Although it is grain-free they use potatoes, veg, cottage cheese depending on the recipe - all types and amount declared - but the carb content is a tad high (10% -16% at dry matter).

However, having said all that I will add some to my basket next time when I need to buy some litter.


----------



## Space Chick (Dec 10, 2011)

Had the £5 voucher from completing the survey, so have popped in a couple to try.

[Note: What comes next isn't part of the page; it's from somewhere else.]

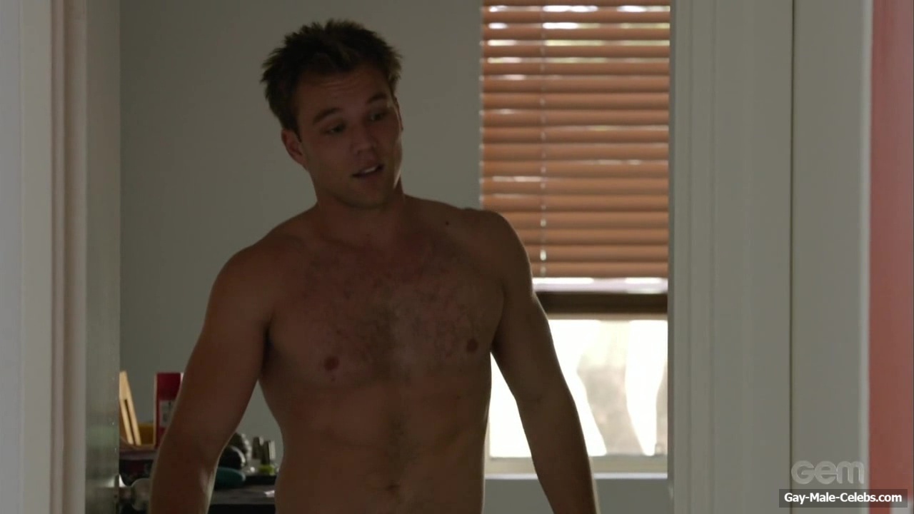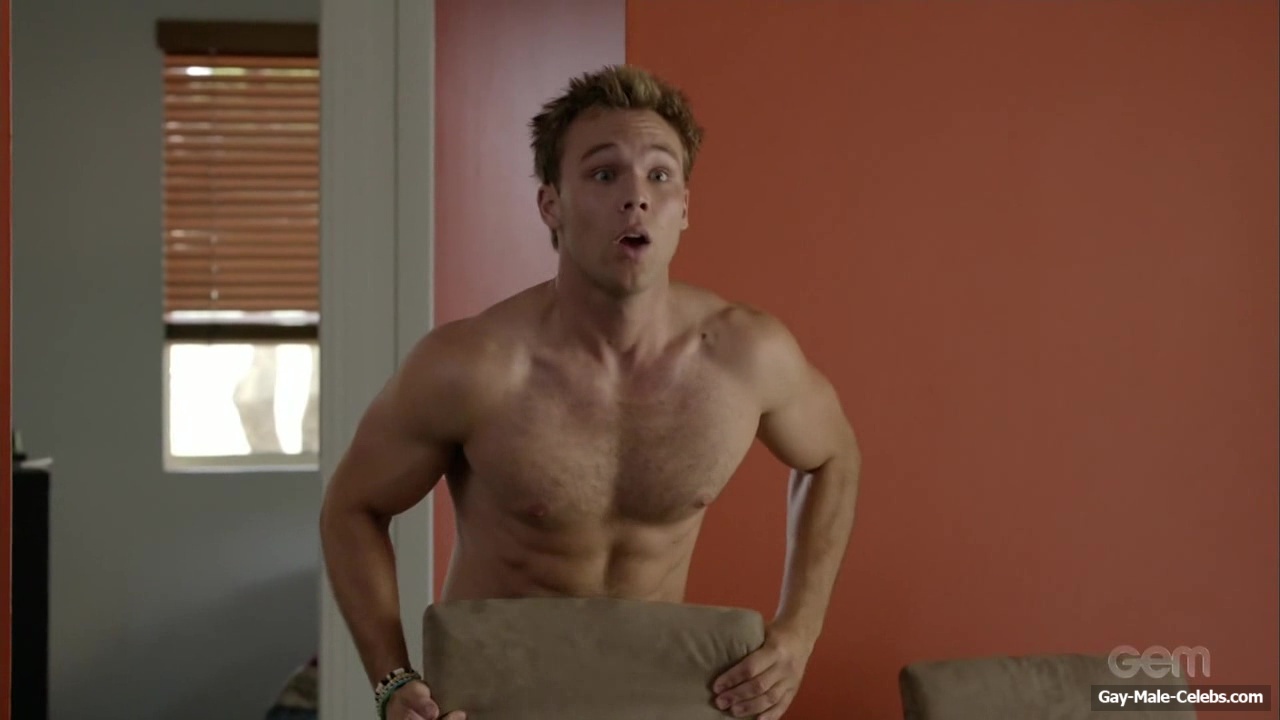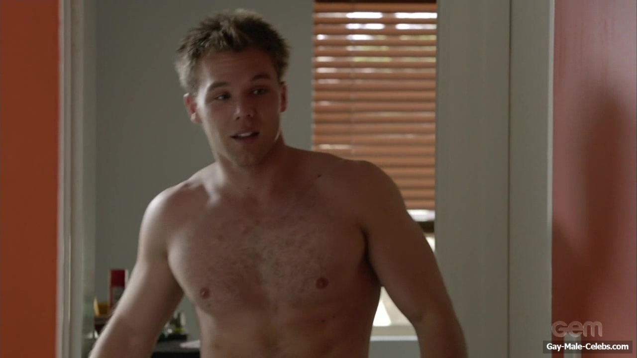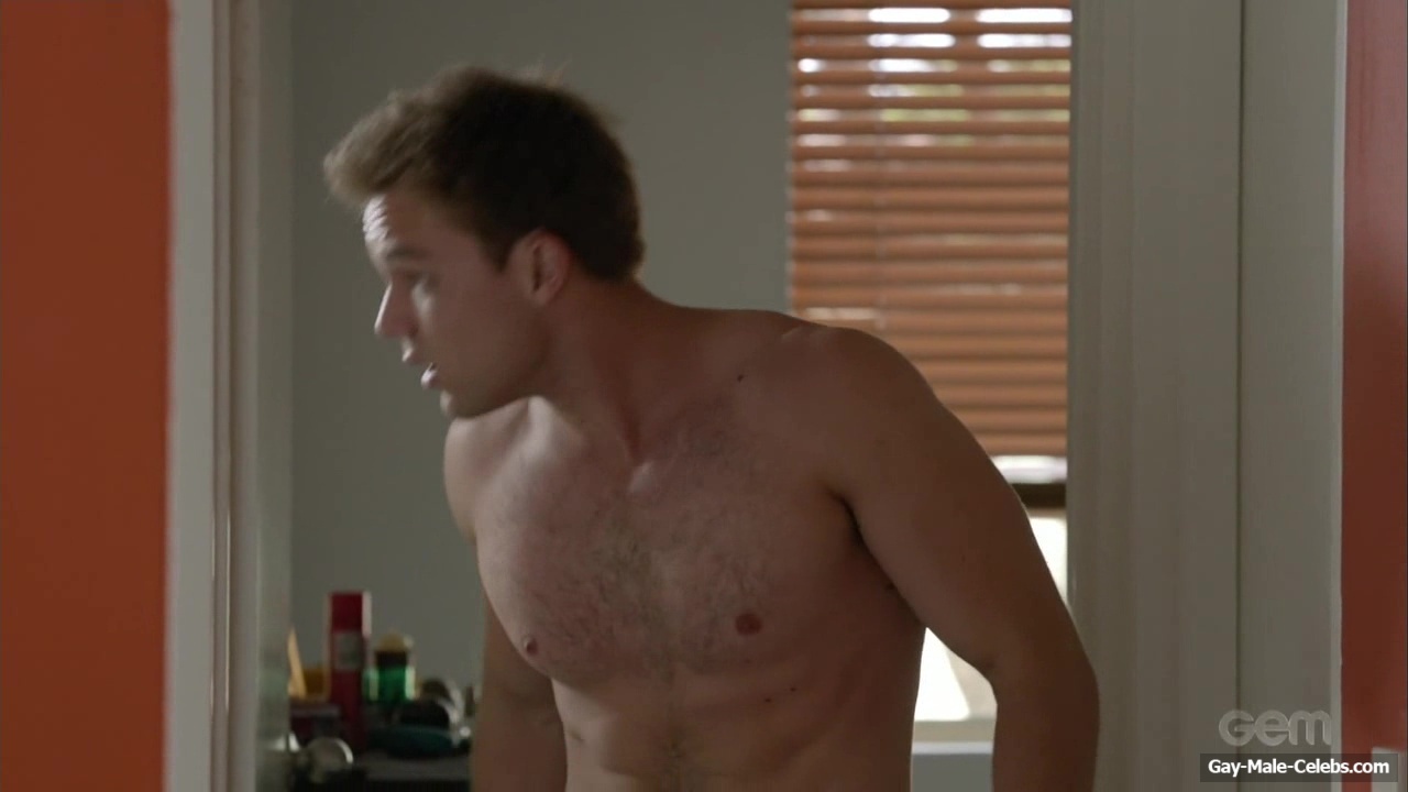 Lincoln Lewis demonstrates his pumped up body in “Tricky Business”. Lincoln walks out of the bedroom as if nothing had happened and suddenly notices that there is someone in the bedroom. Everything would be fine if it weren’t for one thing – Lincoln Lewis was completely naked. And we can admire not only his nude torso but also his hairy pubis. It’s a pity that this handsome guy managed to cover his penis with a chair. But no doubts that Lincoln’s penis is quite impressive.

Can't see me buying it often at that price though


----------



## Hambye (Jan 31, 2011)

Have just seen this on Zooplus, so quickly popped over to you to see if there was any comments and there was- fantastic, like you say a little expensive so will try a sample using my £5 voucher too, but will continue to get the grain free from Germany for the time being in bulk from fuettern-mit-spass


----------



## Hambye (Jan 31, 2011)

Have just had this delivered - (The Chicken one) and my 3 cats all had it last night, 1 tucked in straight away but the 2 birmans after some initial reluctance did eat it. It is quite dense and there was some large chunks of muscle meat in it and is very similar looking to Granapet. Overall they gave it the thumbs up but very expensive for what it is. :thumbsup:


----------



## yankeedo (Nov 3, 2012)

Thank you for the feedback! I always enjoy reading how people get on with certain foods.


----------



## merlin12 (Jun 24, 2011)

Is it pate like?


----------



## hobbs2004 (Mar 12, 2010)

merlin12 said:


> Is it pate like?


Yes, I believe so.


----------



## Space Chick (Dec 10, 2011)

Mine has arrived today, so I will give a test to the cats tomorrow and confirm if it's pâté like and how it goes down


----------



## TatiLie (Nov 2, 2010)

Thanks!
I think I'll get the mixed pack.


----------



## Space Chick (Dec 10, 2011)

They had the beef and cottage cheese this morning..... not big fans it has to be said!


----------



## hobbs2004 (Mar 12, 2010)

My lot tried the rabbit yesterday and it was gobbled up. Dense pate. In terms of the labelling and ingredients it is perhaps one of the best ones on offer at zooplus at the moment though - imo. If it weren't for that price....


----------



## Cookieandme (Dec 29, 2011)

It was included in an email I received from ZP the other day, buy 5 get one free.


----------



## DivineWind (Sep 15, 2012)

Space Chick said:


> Had the £5 voucher from completing the survey, so have popped in a couple to try.
> 
> Can't see me buying it often at that price though


Oooh forgot about the £5 voucher!
thanks for the reminder lol.

Will take a looksee


----------



## hobbs2004 (Mar 12, 2010)

Mine still love the rabbit one. 

I just had a little dig regarding the manufacturer and turns out it is a zooplus food (like Smilla and Cosma), so looks as though that this is their "high-end" brand.


----------



## Hambye (Jan 31, 2011)

hobbs2004 said:


> Mine still love the rabbit one.
> 
> I just had a little dig regarding the manufacturer and turns out it is a zooplus food (like Smilla and Cosma), so looks as though that this is their "high-end" brand.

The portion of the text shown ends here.